Jon Wackrow
London Underground
Jon is the Head of Human Factors at London Underground, a position he has held for 10 years. He is based in the organisation's Capital Programmes Delivery directorate. Here the future railway is designed, engineered and delivered through the portfolio of line upgrades and major civils programmes. Jon is responsible for interpreting the changing demands for HF and determining the most efficient way of providing solutions to the challenges they represents. This includes HF engineer accreditation activities and ongoing monitoring and development of company HF standards to ensure engineers and standard guidance together continue to deliver best value. His presentation today covers one such recent standard development. As well as a corporate element, Jon's role has always had a delivery element too and he is currently the New Tube for London HF Delivery Manager where challenges of end user integration within increasingly automated systems presents specific and new challenges for HF to solve.
Good alarm system design is based on clarity and consistency of terms and definitions, and their relationships, used to describe events that are worthy of alarming. Achieving this provides a basis, and rationale, for alarm... [ view full abstract ]
Good alarm system design is based on clarity and consistency of terms and definitions, and their relationships, used to describe events that are worthy of alarming. Achieving this provides a basis, and rationale, for alarm lists and their design; each required to facilitate good and reliable alarm handling performance.
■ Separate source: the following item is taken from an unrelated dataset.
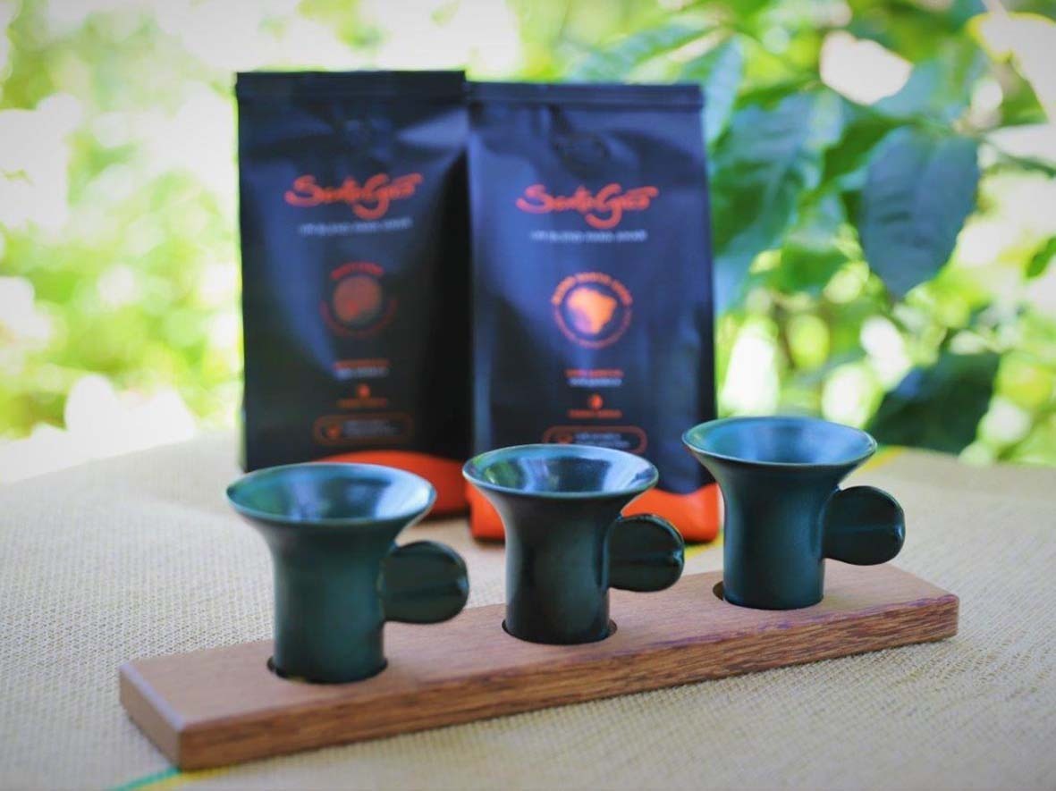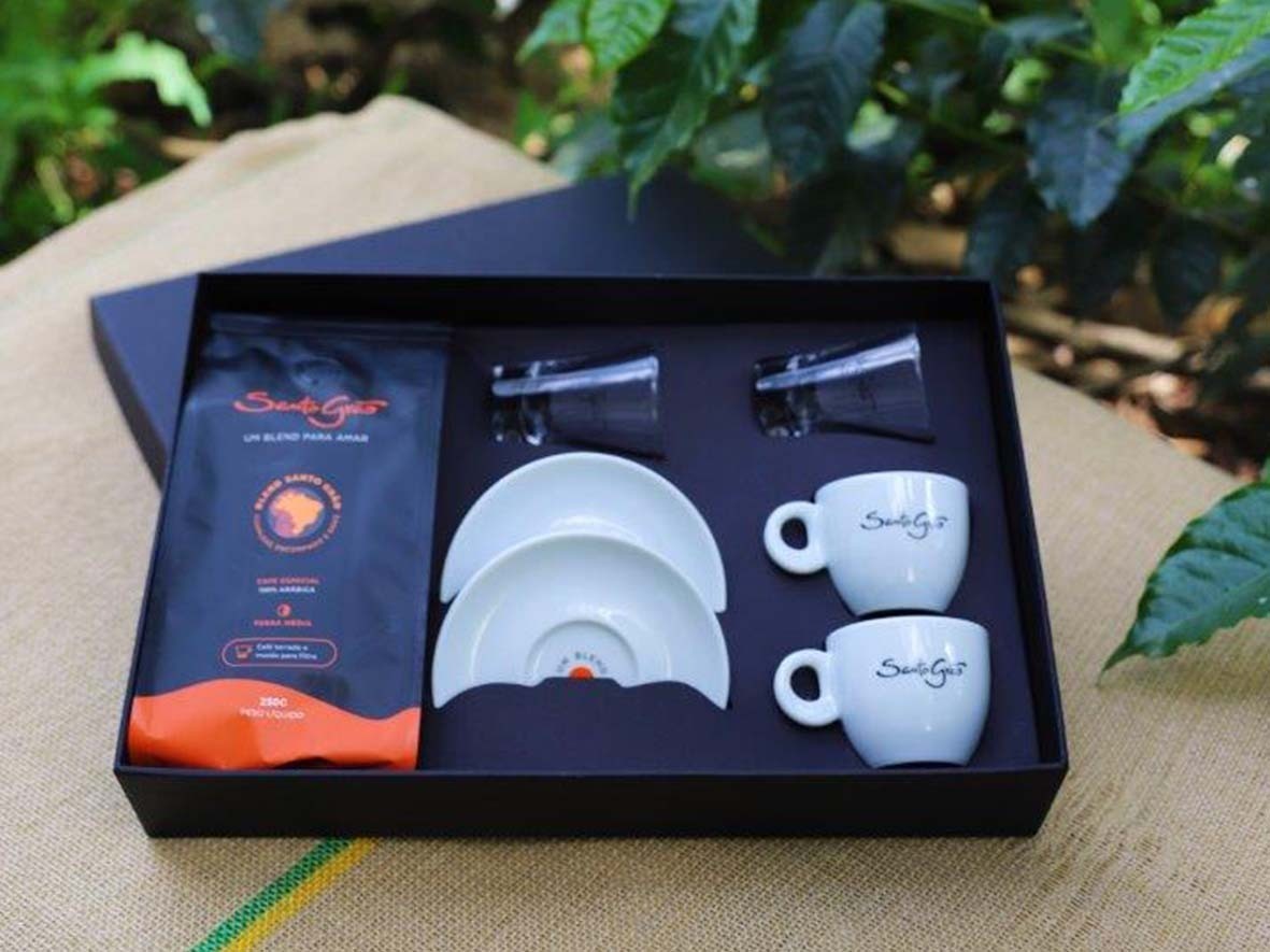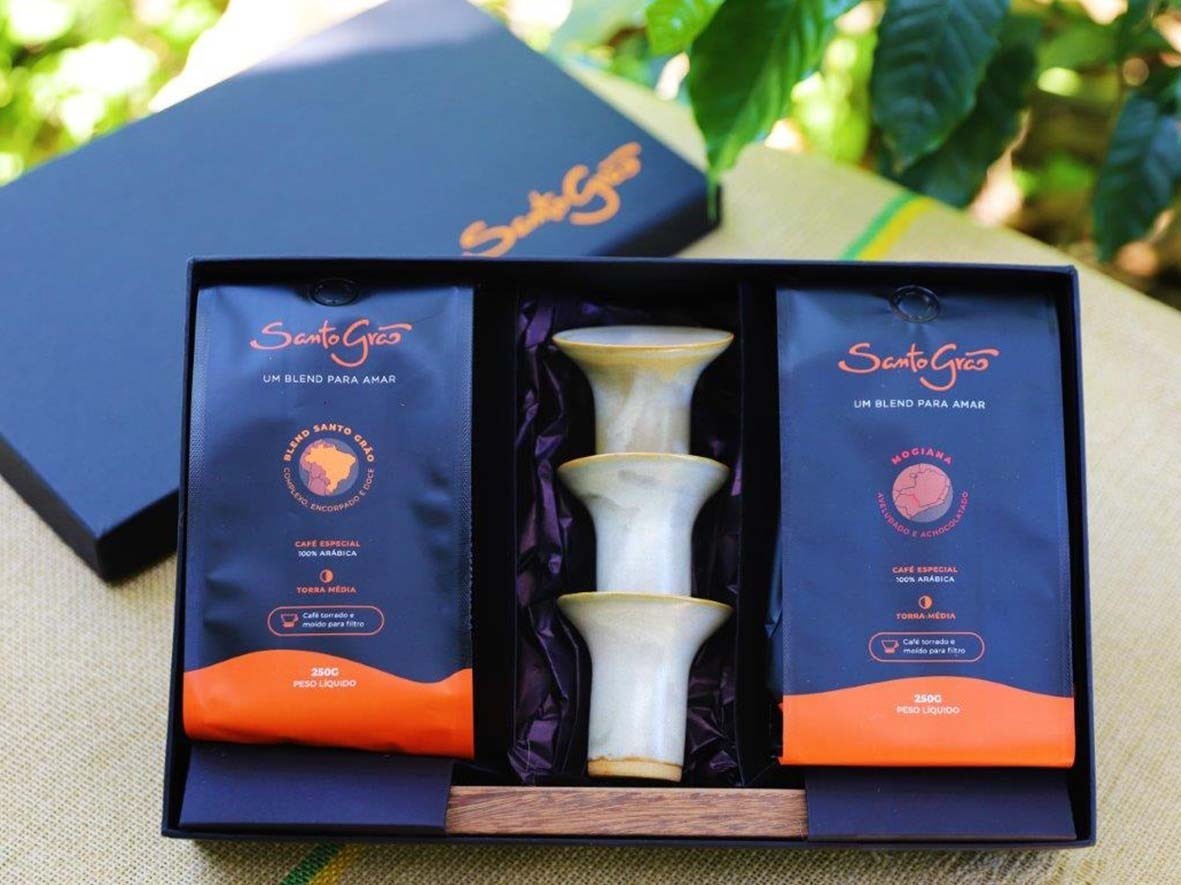 O kit de Natal tem trio de microlotes Arara, Vulcão e 0% Arábica (R$ 110,00); Santo Grão (café Blend Santo Grão de 250g moado na preferência do consumidor), com dois conjuntos de xícaras pequenas e mini copos (R$ 140,00) e o Muriqui, com três xícaras do Atelier Muriqui e dois pacotes de café Blend Santo Grão e Mogiana (R$ 230,00).

Alarm system design guidance is either context specific, or generic. Terms and definitions, and their relationships, used in the rail industry will be specific to its requirements for alarm worthy events, and their presentation design, and they will be different to those for the water industry, for example.
This paper proposes that there is a lack of clear and consistent guidance, both within and between design documentation, which inhibits rail companies from efficiently delivering alarm system design supporting good and reliable alarm handling performance. The use of lexicon and glossary contribute to the lack of clarity and consistency of terms and definitions, and their relationships.
This paper contends that document modelling utilising visual representations of terms and their relationships, are a more effective way to determine, and present clarity and consistency around the subject of rail alarm systems.
This paper describes the work that was carried out to bring clarity and consistency to alarm terms, and their relationships, for rail, but specifically London Underground (LU) application. It includes the assessment of current key alarm system design guidance, case studies of LU alarm system developments, and findings from baselining current LU systems’ performance. By visually modelling the outputs of these activities, and thereby presenting key terms and their relationships visually, it was possible to clearly and consistently define alarm worthy events, and their key design features, ie. create a visual ontology for a rail alarm systems.
The findings are that the alarm system ontology does start to clear up the wide and confused lexicon/glossary problem for rail, specifically LU. It does this by bringing clarity to alarm terms and definitions, and their relationships.
System design is a response to a system problem and only when the problem is known and articulated can system design commence. Clearly defining a system problem leads to an improved system development process which leads to an improved system design. The alarm system ontology’s visual relationships reflect the LU context of use, and are superior to unstructured textual lexicon and glossaries by allowing the reader to understand LU alarm terms and definitions, and their relationships. Having defined the problem, the ontology can then be used to drive improved LU alarm system design to support good and reliable alarm handling performance.
The paper suggests further work that would improve the detail of the alarm system ontology, and generate empirical data about its efficacy. On the basis of the mutual dependency between ontology and alarm system development process, it is recommended that most benefit from development of the ontology will be achieved when it is developed alongside existing rail alarm system development processes.